----- ENTRIES SUPPLIED
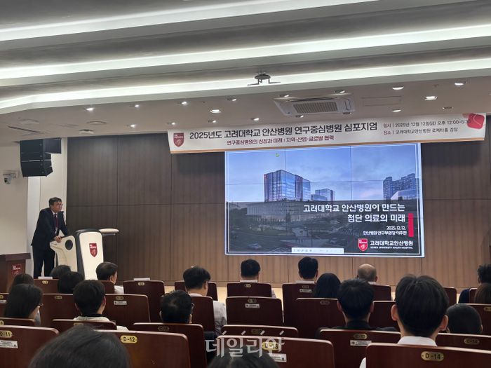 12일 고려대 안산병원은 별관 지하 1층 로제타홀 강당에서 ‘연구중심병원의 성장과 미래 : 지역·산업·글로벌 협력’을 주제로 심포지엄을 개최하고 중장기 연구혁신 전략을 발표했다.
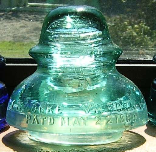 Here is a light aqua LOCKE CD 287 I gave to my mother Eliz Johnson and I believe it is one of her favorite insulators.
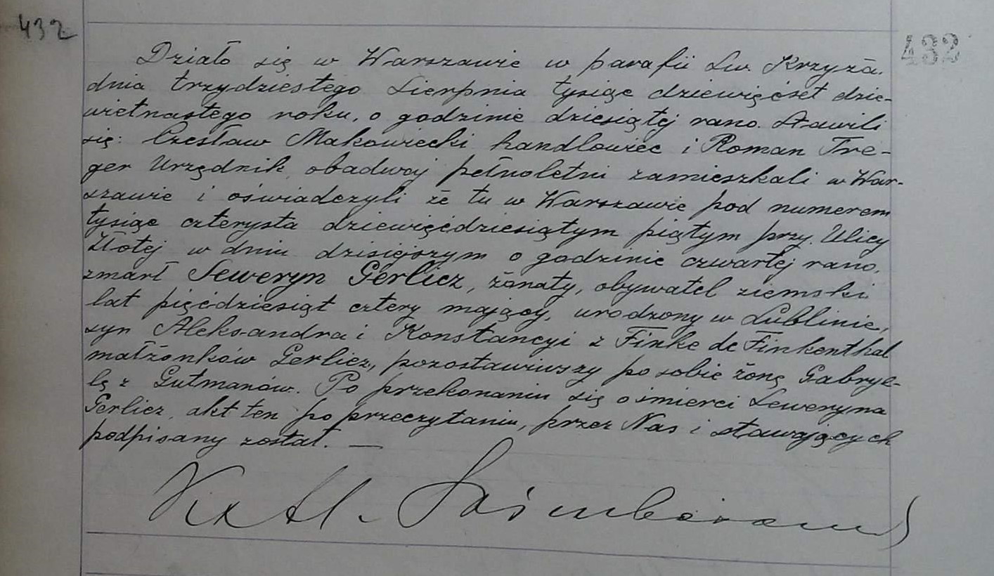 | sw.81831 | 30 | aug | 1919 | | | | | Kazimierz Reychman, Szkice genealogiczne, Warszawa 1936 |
----------
----- ENTRIES SUPPLIED
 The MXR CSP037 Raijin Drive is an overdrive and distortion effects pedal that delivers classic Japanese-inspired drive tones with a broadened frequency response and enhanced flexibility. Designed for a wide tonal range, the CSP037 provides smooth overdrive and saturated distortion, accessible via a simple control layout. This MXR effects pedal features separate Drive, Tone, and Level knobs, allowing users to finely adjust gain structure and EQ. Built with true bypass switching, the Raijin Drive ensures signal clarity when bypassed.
----------
----- ENTRIES SUPPLIED
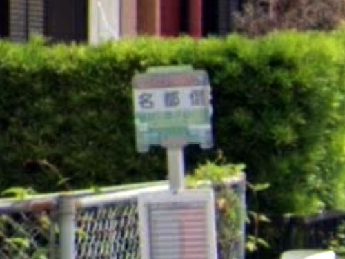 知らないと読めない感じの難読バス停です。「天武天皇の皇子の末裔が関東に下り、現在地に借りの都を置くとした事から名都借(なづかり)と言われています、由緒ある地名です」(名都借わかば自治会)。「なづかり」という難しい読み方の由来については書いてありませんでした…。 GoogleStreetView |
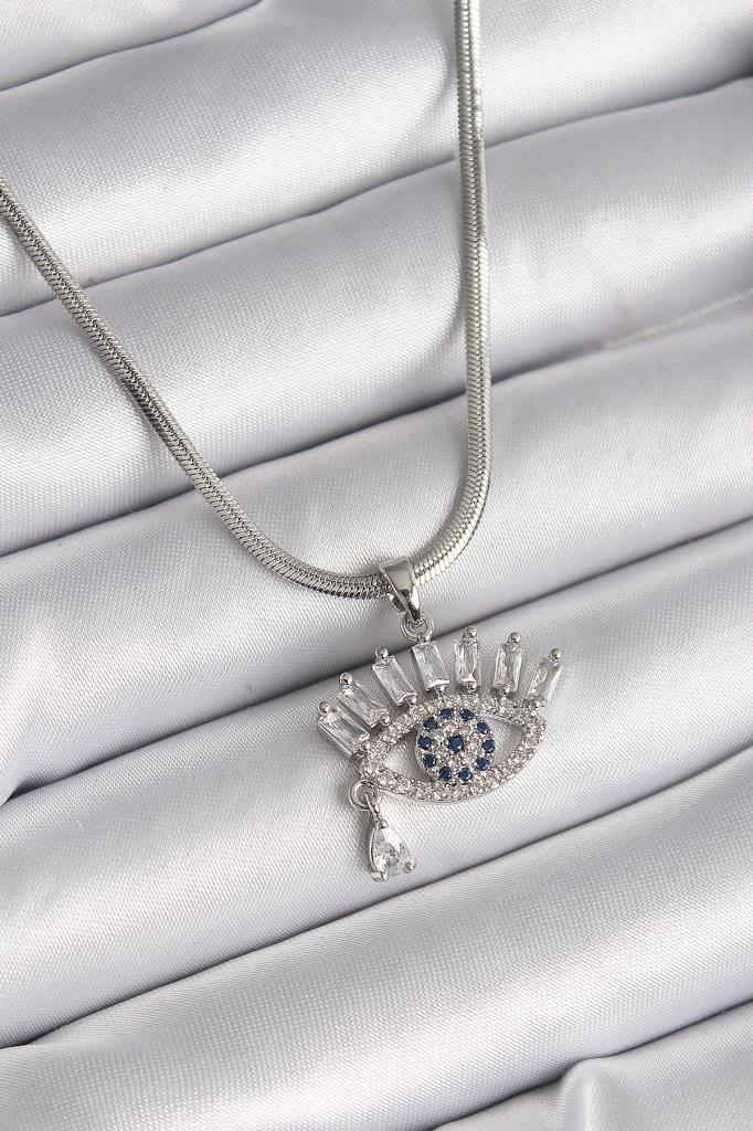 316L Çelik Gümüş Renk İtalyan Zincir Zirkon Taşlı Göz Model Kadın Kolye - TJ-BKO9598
----------
• _EXERCISE PROMPT_: Starting at the line containing "12일 고려대 안산병원은" and stopping at the line containing "Here is a light", output each line exactly as it appears above. Leave out the pictures.

• _YOUR RESPONSE_:
 12일 고려대 안산병원은 별관 지하 1층 로제타홀 강당에서 ‘연구중심병원의 성장과 미래 : 지역·산업·글로벌 협력’을 주제로 심포지엄을 개최하고 중장기 연구혁신 전략을 발표했다.
 Here is a light aqua LOCKE CD 287 I gave to my mother Eliz Johnson and I believe it is one of her favorite insulators.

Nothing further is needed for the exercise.